━━━━━ STORED DATA ━━━━━

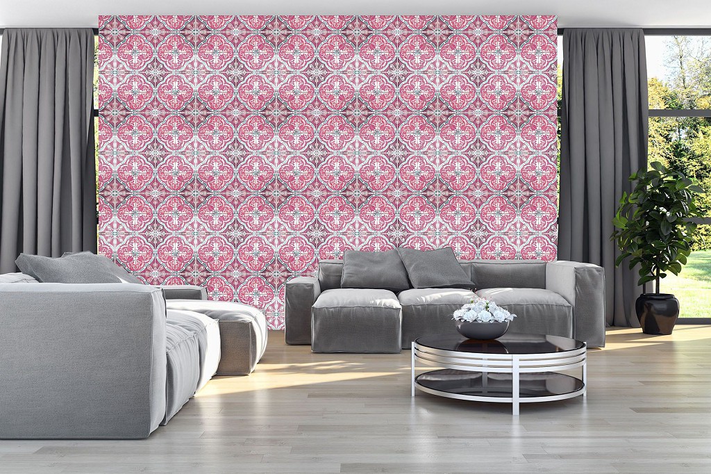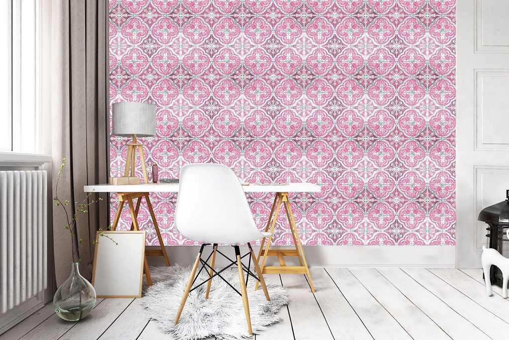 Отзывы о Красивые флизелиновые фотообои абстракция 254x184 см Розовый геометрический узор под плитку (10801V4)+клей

━━━━━
━━━━━ STORED DATA ━━━━━

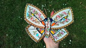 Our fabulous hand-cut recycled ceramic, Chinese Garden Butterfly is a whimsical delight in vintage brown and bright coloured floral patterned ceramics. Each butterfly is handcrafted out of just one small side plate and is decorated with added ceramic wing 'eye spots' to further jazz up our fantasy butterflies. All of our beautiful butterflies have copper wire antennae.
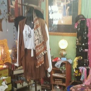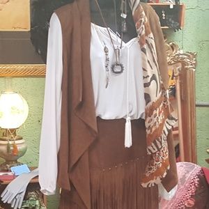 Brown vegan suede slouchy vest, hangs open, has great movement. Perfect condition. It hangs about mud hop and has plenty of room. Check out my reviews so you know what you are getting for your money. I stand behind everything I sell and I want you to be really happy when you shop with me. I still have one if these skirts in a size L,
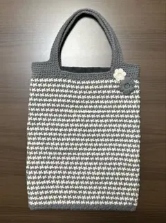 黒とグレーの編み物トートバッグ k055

━━━━━

• _REQUIRED ACTION_:
Beginning at the line above that contains "Brown vegan suede" and going on through the line that contains "黒とグレーの編み物トートバッグ k055", please copy every line exactly, leaving the pictures out and adding nothing.

• _REPLY TO THE EXERCISE_:
 Brown vegan suede slouchy vest, hangs open, has great movement. Perfect condition. It hangs about mud hop and has plenty of room. Check out my reviews so you know what you are getting for your money. I stand behind everything I sell and I want you to be really happy when you shop with me. I still have one if these skirts in a size L,
 黒とグレーの編み物トートバッグ k055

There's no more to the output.